Фран. Судьбе так захотелось; где хорошо, тут и жить должно.
Я. Да как ты попался в рекруты?
Фран. Я люблю воинскую жизнь, мне она уже известна, я сам захотел.
Я. Но как то случилося, что тебя отдают из деревни в рекруты? Из деревень берут в солдаты обыкновенно одних крестьян и русских, а ты, я вижу, не мужик и не русский.

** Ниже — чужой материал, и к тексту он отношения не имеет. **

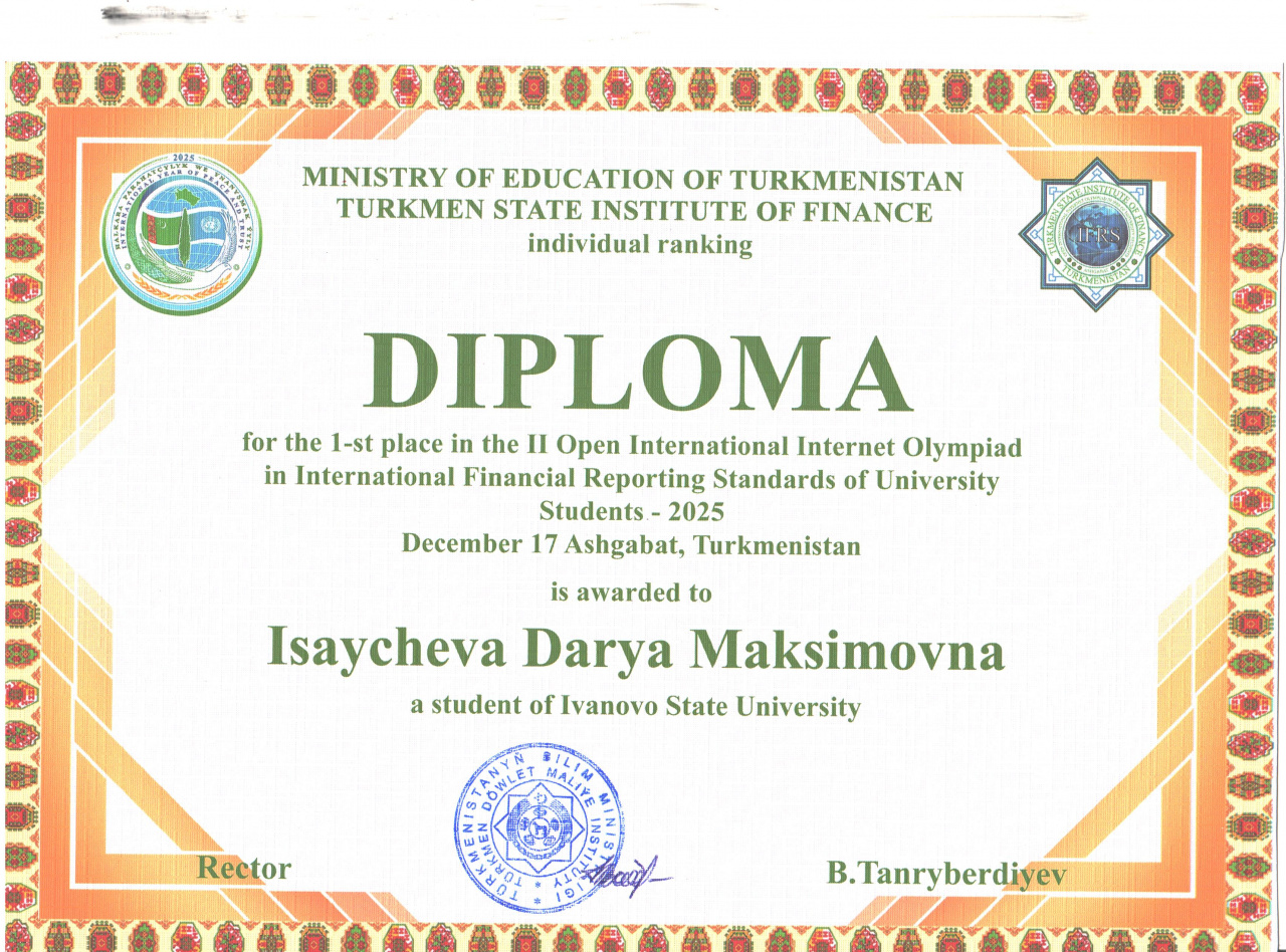 От Института социально-экономических наук участниками выступила команда в составе Жариновой Ксении (4 курс, ОП «Финансы и кредит»); Исайчевой Дарьи и Романовой Анны (2 курс, ОП «Финансы и кредит») под руководством директора Института и руководителя ОП «Финансы и кредит» Ирины Валерьевны Курниковой. Все очень волновались, поскольку олимпиада проводилась в 12:00 (Ашхабадское время) на официальном сайте Туркменского государственного института финансов посредством платформы Moodle по востребованной в настоящее время тематике «Международные стандарты финансовой отчетности». Была проведена серьезная подготовка по вопросам использования финансовой отчётности на международном уровне.

Фран. А вот как. Я в Париже с ребячества учился перукмахерству. Выехал в Россию с одним господином. Чесал ему волосы в Петербурге целый год. Ему мне заплатить было нечем. Я, оставив его, не нашед места, чуть не умер с голоду. По счастию, мог попасть в матрозы на корабль, идущий под российским флагом. Прежде отправления в море приведен я к присяге как российский подданный и отправился в Любек. На море часто корабельщик бил меня линьком за то, что был ленив. По неосторожности моей упал с вантов на палубу и выломил себе три пальца, что меня навсегда сделало неспособным управлять гребнем. Приехав в Любек, попался прусским наборщикам и служил в разных полках. Нередко за леность и пьянство был бит палками. Заколов, будучи пьяной, своего товарища, ушел из Мемеля, где я находился в гарнизоне. Вспомнил, что я обязан в России присягою; и, яко верный сын отечества, отправился в Ригу с двумя талерами в кармане. Дорогою питался милостынею. В Риге счастие и искусство мое мне послужили; выиграл в шинке рублей с двадцать и, купив себе за десять изрядной кафтан, отправился лакеем с казанским купцом в Казань. Но, проезжая Москву, встретился на улице с двумя моими земляками, которые советовали мне оставить хозяина и искать в Москве учительского места. Я им сказал, что худо читать умею. Но они мне отвечали: – Ты говоришь по-французски, то и того довольно. – Хозяин мой не видал, как я на улице от него удалился, он продолжал путь свой, а я остался в Москве. Скоро мне земляки мои нашли учительское место за сто пятьдесят рублей, пуд сахару, пуд кофе, десять фунтов чаю в год, стол, слуга и карета. Но жить надлежало в деревне. Тем лучше. Там целый год не знали, что я писать не умею. Но какой-то сват того господина, у которого я жил, открыл ему мою тайну, и меня свезли в Москву обратно. Не нашед другого подобного сему дурака, не могши отправлять мое ремесло с изломанными пальцами и боясь умереть с голоду, я продал себя за двести рублей. Меня записали в крестьяне и отдают в рекруты. Надеюсь, – говорил он важным видом, – что сколь скоро будет война, то дослужуся до генеральского чина; а не будет войны, то набью карман (коли можно) и, увенчан лаврами, отъеду на покой в мое отечество.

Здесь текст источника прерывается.